Роман, в сокращенном варианте, публиковался в журнале «Москва». В том, что эта книга дошла до читателя, - заслуга жены писателя Елены Сергеевны Булгаковой, которая сумела сохранить рукопись мужа. 
Маргарита, Мастер и Воланд со своей свитой появились на свет уже во втором варианте романа. А в 1937 году автор впервые написал на титульном листе название "Мастер и Маргарита", не зная, что именно под таким названием роман войдет в историю литературы. 
Всю "нечисть" Булгаков поселил в "нехорошей квартирке" № 50 на Большой Садовой, 10. Ее "прообразом" стала реальная квартира, где писатель прожил три года - с 1921 по 1924. 
Роскошный доходный дом, построенный в 1903 году табачным магнатом Пигитом, был изначально предназначен для интеллигенции. Но после революции здесь появилась одна из первых рабочих коммун. В это время здесь и поселился Булгаков. 
Здесь продолжал бывать цвет московской богемы, а по соседству варили самогон, писали доносы, дрались, играла гармоника, проходили общественные собрания, а Аннушка Горячева по прозвищу «Чума» регулярно закатывала скандалы и «лупцевала» своего сына. 
Сегодня бывшая квартира писателя превратилась в его музей. 
Герои романа «Мастер и Маргарита» органично вписались в интерьер реальной «нехорошей квартиры». Пресс-папье в виде черного кота напоминает о Бегемоте, который, никому не мешая, «починял примус» и никогда «не позволил бы себе налить даме водки, только чистый спирт!» 
Сразу же после первых публикаций роман завоевал множество поклонников. Став уже классикой, он продолжает оставаться одной из самых читаемых книг. 
По «Мастеру и Маргарите» снято несколько фильмов и поставлено множество спектаклей. 
Самым известным из них можно считать спектакль на сцене театра на Таганке, который с большим успехом идет без перерыва уже более 25 лет.

----------


## Alex

*Цитаты из романа Михаила Булгакова "Мастер и Маргарита".*

Вопросы крови - самые сложные вопросы в мире! И если бы расспросить некоторых прабабушек и в особенности тех из них, что пользовались репутацией смиренниц, удивительнейшие тайны открылись бы, уважаемая Маргарита Николаевна. Я ничуть не погрешу, если, говоря об этом, упомяну о причудливо тасуемой колоде карт. Есть вещи, в которых совершенно недействительны ни сословные перегородки, ни даже границы между государствами. (Коровьев Маргарите) 

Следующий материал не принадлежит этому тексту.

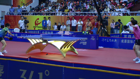第二场比赛是本场的焦点之战,由江苏队的姚彦对阵对方主将郭跃,这是一场国家队新锐与当今乒坛亚姐之间的对决。首局虽然双方比分就一直咬得很紧,但郭跃在后几个球上利用姚彦的抢攻失误,以11比8先胜。随后,姚彦第二局很好地控制住失误,很快以11比7扳回一局。
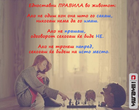 05.02.2012 /Постирано во Мисла на денот /Автор: Елизабета Илковска /Оставете коментар Едноставни правила во животот! Едноставни правила во животот… Кликнете ТУКА за да ги погледнете нашите денешни содржини. Станете наш facebook фан. Станете наш facebook фан. Ви Благодариме! « Претходно Луѓето не сфаќаат колку се богати… Следно » Прстот кој ти ги брише солзите…
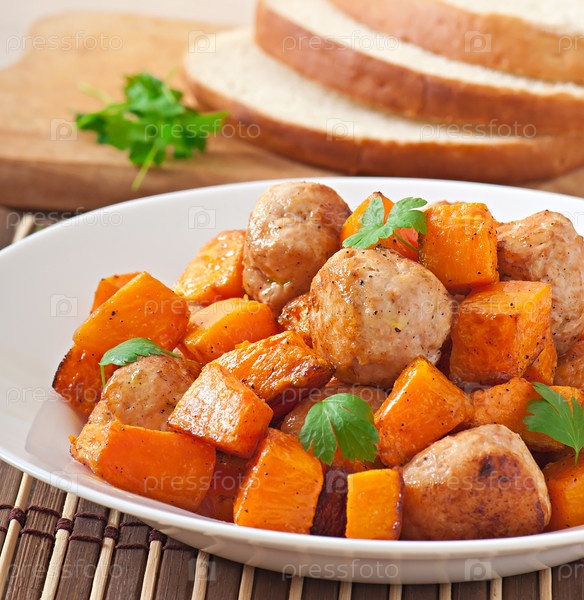 Куриные котлеты с гарниром из тыквы

Все должно быть готово заранее, королева. Ничего не может быть гаже, чем когда приехавший первым гость мыкается, не зная, что ему предпринять, а его законная мегера шепотом пилит его за то, что они приехали раньше всех. Такие балы надо выбрасывать на помойку, королева. (Коровьев Маргарите) 

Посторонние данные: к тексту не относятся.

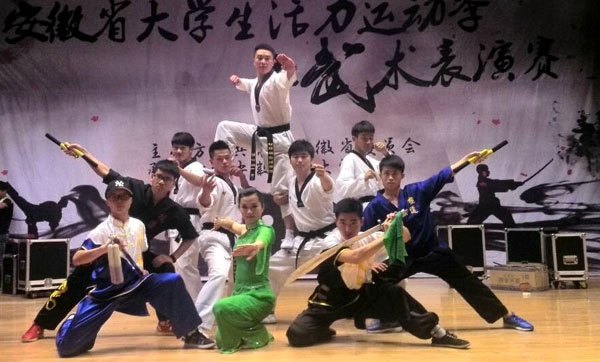 《中國(guó)夢(mèng)—夢(mèng)之武》以夢(mèng)境為劇情背景,展現(xiàn)了雙截棍、刀、劍和跆拳道等武術(shù)項(xiàng)目的獨(dú)特魅力。表演中,隊(duì)員們擺出“迎客松”及“品”字等舞臺(tái)造型,贏得在場(chǎng)觀眾的熱烈掌聲。代表隊(duì)由來(lái)自體育、生環(huán)、外語(yǔ)、文學(xué)、化工、信工、機(jī)電等7個(gè)學(xué)院的10名同學(xué)組成,體育學(xué)院張星杰老師擔(dān)任指導(dǎo)老師并對(duì)整場(chǎng)表演進(jìn)行策劃構(gòu)思。賽前訓(xùn)練中,團(tuán)隊(duì)發(fā)揚(yáng)不怕苦、不怕累、爭(zhēng)上游的精神,在為期一周的時(shí)間里,利用中午和晚上課休時(shí)間刻苦訓(xùn)練。

Факт - самая упрямая в мире вещь. (Воланд голове Михаила Александровича Берлиоза) 

Никогда и ничего не просите! Никогда и ничего, и в особенности у тех, кто сильнее вас. Сами предложат и сами все дадут! (Воланд Маргарите) 

Рукописи не горят. (Воланд мастеру) 

Ты произнес свои слова так, как будто ты не признаешь теней, а также и зла. Не будешь ли ты так добр подумать над вопросом: что бы делало твое добро, если бы не существовало зла, и как бы выглядела земля, если бы с нее исчезли тени? Ведь тени получаются от предметов и людей. Вот тень от моей шпаги. Но бывают тени от деревьев и от живых существ. Не хочешь ли ты ободрать весь земной шар, снеся с него прочь все деревья и все живое из-за твоей фантазии наслаждаться голым светом? (Воланд Левию Матвею) 

Тот, кто любит, должен разделять участь того, кого он любит. (Воланд) 

Что такое официальное лицо или неофициальное? Все это зависит от того, с какой точки зрения смотреть на предмет, все это условно и зыбко. Сегодня я неофициальное лицо, а завтра, глядишь, официальное! А бывает и наоборот. И еще как бывает! (Коровьев председателю домового комитета Никанору Ивановичу Босому) 

Приятно слышать, что вы так вежливо обращаетесь с котом. Котам обычно почему-то говорят "ты", хотя ни один кот никогда ни с кем не пил брудершафта. (кот Бегемон мастеру) 

Домработницы все знают, это ошибка думать, что они слепые. (кот Бегемон) 

Подкараулил этого кота гражданин в тот момент, когда животное с вороватым видом (что же поделаешь, что у котов такой вид? Это не оттого, что они порочны, а оттого, что они боятся, чтобы кто-либо из существ более сильных, чем они, - собаки и люди, - не причинили им какой-нибудь вред или обиду. И то и другое очень нетрудно, но чести в этом, уверяю, нет никакой. Да, нет никакой!), да, так с вороватым видом кот собирался устремиться зачем-то в лопухи. 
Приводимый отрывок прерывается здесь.